APUDSI menilai ketegangan Venezuela–Amerika Serikat tidak dapat dipandang semata sebagai isu politik internasional. Venezuela, yang diketahui memiliki cadangan minyak terbesar di dunia, memegang posisi strategis dalam peta energi global. Namun, persoalan struktural, sanksi internasional, dan dinamika politik internal membuat potensi tersebut belum dapat dimanfaatkan secara optimal. Kondisi ini, menurut APUDSI, berpotensi memicu volatilitas harga energi dunia.

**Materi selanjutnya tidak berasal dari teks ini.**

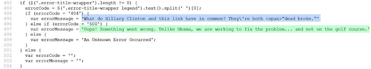 “¡Vaya! Algo salió mal. A diferencia de Obama, estamos trabajando para solucionar el problema … y no en el campo de golf ” y “¿Qué tienen Hillary Clinton y este enlace en común? Ambos están en la quiebra total “; son los mensajes que contenian el código del sitio en cuestión, ya que tan pronto comenzo a circular por las redes, estos mensajes fueron eliminados del sitio.

Maulidan menjelaskan bahwa fluktuasi harga energi global memiliki korelasi langsung terhadap biaya logistik nasional. Kenaikan harga bahan bakar akan berdampak pada ongkos transportasi dan distribusi barang, termasuk distribusi hasil produksi desa. Sementara itu, pelaku usaha desa selama ini beroperasi dengan margin keuntungan yang terbatas dan sangat sensitif terhadap kenaikan biaya produksi.
“Jika biaya logistik naik, maka yang paling rentan terdampak adalah pelaku ekonomi desa. Mereka tidak memiliki ruang penyesuaian sebesar pelaku usaha besar. Oleh karena itu, ekonomi desa tidak boleh menjadi korban dari situasi global yang tidak mereka ciptakan,” tegasnya.

Lebih lanjut, APUDSI mencatat bahwa sebelum ketegangan ini mencuat, perekonomian global sejatinya telah berada dalam kondisi yang relatif rapuh. Pasar energi dunia masih dibayangi ketidakpastian, meskipun secara teoritis pasokan dinilai mencukupi. Sensitivitas pasar terhadap isu geopolitik membuat setiap eskalasi berpotensi memicu spekulasi dan lonjakan harga dalam waktu singkat.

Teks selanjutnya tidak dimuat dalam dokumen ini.